NAME
ETL::Pipeline::Input::Excel - Input source for Microsoft Excel spreadsheets
SYNOPSIS
use ETL::Pipeline;
ETL::Pipeline->new( {
input => ['Excel', matching => qr/\.xlsx$/i],
mapping => {First => 'A', Second => qr/ID\s*Num/i},
output => ['UnitTest']
} )->process;
DESCRIPTION
ETL::Pipeline::Input::Excel defines an input source for reading MS Excel spreadsheets. It uses Spreadsheet::XLSX or Spreadsheet::ParseExcel, depending on the file type (XLSX or XLS).
METHODS & ATTRIBUTES
Arguments for "input" in ETL::Pipeline
ETL::Pipeline::Input::DelimitedText implements ETL::Pipeline::Input::File and ETL::Pipeline::Input::TabularFile. It supports all of the attributes from these roles.
return_blank_rows
Spreadsheet::XLSX or Spreadsheet::ParseExcel can't identify merged rows. Merged rows simply appear as blanks. So by default, ETL::Pipeline::Input::Excel skips over blank rows. Merged rows look like one record. When counting headers, do not count empty rows.
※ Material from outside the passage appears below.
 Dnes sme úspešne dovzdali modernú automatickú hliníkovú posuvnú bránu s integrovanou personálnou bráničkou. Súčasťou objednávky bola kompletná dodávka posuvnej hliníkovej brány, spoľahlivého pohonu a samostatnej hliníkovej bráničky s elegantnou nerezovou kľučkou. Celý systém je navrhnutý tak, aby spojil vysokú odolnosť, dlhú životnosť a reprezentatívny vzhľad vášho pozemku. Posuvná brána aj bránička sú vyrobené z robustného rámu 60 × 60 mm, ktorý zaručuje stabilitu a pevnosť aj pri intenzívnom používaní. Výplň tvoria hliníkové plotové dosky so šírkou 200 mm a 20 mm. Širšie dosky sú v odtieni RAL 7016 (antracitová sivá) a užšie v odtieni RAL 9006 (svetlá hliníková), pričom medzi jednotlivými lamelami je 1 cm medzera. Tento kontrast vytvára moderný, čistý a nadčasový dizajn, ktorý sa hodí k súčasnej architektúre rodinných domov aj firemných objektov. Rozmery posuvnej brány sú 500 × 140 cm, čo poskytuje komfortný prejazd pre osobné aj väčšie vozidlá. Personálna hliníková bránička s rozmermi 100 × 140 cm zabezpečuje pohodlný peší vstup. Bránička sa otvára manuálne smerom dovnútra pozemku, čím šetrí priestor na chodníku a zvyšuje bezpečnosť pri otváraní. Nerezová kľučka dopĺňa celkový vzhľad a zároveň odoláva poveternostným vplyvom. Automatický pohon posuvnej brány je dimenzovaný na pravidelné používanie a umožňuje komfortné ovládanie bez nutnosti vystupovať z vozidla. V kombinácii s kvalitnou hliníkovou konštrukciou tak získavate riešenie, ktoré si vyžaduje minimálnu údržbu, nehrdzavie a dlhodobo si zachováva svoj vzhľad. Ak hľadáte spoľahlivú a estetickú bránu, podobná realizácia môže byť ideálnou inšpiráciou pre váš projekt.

This boolean attribute overrides the default behaviour. ETL::Pipeline::Input::Excel returns blank rows as an empty record.
worksheet
worksheet reads data from a specific worksheet. By default, ETL::Pipeline::Input::Excel uses the first worksheet.
worksheet accepts a string or regular expression. As a string, worksheet looks for an exact match. As a regular expression, worksheet finds the first worksheet whose name matches the regular expression. Note that worksheet stops looking once it finds the first mach.
ETL::Pipeline::Input::Excel throws an error if it cannot find a worksheet with a matching name.
password
password works with encrypted files. ETL::Pipeline::Input::Excel decrypts the file automatically.
Warning: password only works with Excel 2003 file (XLS). Encrypted XLSX files always fail. Spreadsheet::XLSX does not support encryption.
Called from "process" in ETL::Pipeline
get
get retrieves one field from the current record. get accepts one parameter. That parameter can be an index number, a column name, or a regular expression to match against column names.
$etl->get( 0 );
$etl->get( 'A' );
$etl->get( 'First' );
$etl->get( qr/\bfirst\b/i );
next_record
Read one record from the file for processing. next_record returns a boolean. True means success. False means it reached the end of the file.
while ($input->next_record) {
...
}
get_column_names
get_column_names reads the field names from the first row in the file. "get" can match field names using regular expressions.
configure
configure opens the MS Excel spread sheet for reading. It creates the correct worksheet object for XLS versus XLSX. XLS and XLSX files are different formats. ETL::Pipeline::Input::Excel uses the correct module for this specific file.
Both Excel parsers use coulmn numbers, starting with zero. configure automatically creates aliases for the column letters.
finish
finish closes the file.
Other Methods & Attributes
row
row is the next row in the spreadsheet for reading. Because ETL::Pipeline::Input::Excel skips blank rows, the "record_number" may not match the row number.
tab
tab holds the current worksheet object. The Excel parsers return an object for the tab (worksheet) with the data. It is set by "find_worksheet".
SEE ALSO
ETL::Pipeline, ETL::Pipeline::Input, ETL::Pipeline::Input::File, ETL::Pipeline::Input::Tabular
AUTHOR
Robert Wohlfarth <robert.j.wohlfarth@vanderbilt.edu>
LICENSE
Copyright 2016 (c) Vanderbilt University Medical Center
This program is free software; you can redistribute it and/or modify it under the same terms as Perl itself.